(Curious) George said:
Ah, an educational example of situations that may have unrepresentative reporting--some of the people who have tried this may no longer be "online" to say it didn't go well.
I'm one of the lucky ones who's still online....
Back about 20 years ago we moved into this place. I brought a cord and a half of good seasoned wood from the last place we lived in, then had another 3 cord delivered. Red oak so wet it was not burnable. I would get the fire going with the seasoned stuff then add the green stuff a bit at a time. Obviously, I ran out of seasoned well before I was halfway through the green wood. I started to place several splits around the stove every day to dry out a little. No problem. I worked full time in the basement where the stove was, right?
So one day I got the bright idea to put two large steel blocks on top of the stove and put some small splits lengthways across them to speed dry. I put two side-by-side, then one on top between them. The idea was to trap the rising heat and speed up the drying. Every half hour I would rotate them (they would be
very hot), then when the stove got low, I'd toss them in, open up the air, and put three more on the stove. It actually worked pretty well and I was proud of my new system.
Then one day the phone rang upstairs and no one was home to answer it..............
Well, by the time I finally smelled the smoke, it was pouring up the basement stairs like fog. The smoke detector at the top of the stairs never even went off. I ran downstairs and saw my little pile of splits burning happily away like a campfire on top of the stove. Elapsed time was way less than three hours.

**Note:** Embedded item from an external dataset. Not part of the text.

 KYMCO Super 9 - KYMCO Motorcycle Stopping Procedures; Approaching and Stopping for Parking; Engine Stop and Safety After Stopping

If you're going to do stuff like that, chain yourself to one of the legs of the stove. You
will get careless as you get cocky with the system. Just like leaving the ash pan ajar or the door cracked, there is always the danger that you will be distracted by something. At least in the case of the cracked door the fire is contained inside the stove, but with wood on top you will have a fire right out there in the open. I learned my lesson and never again did anything like that.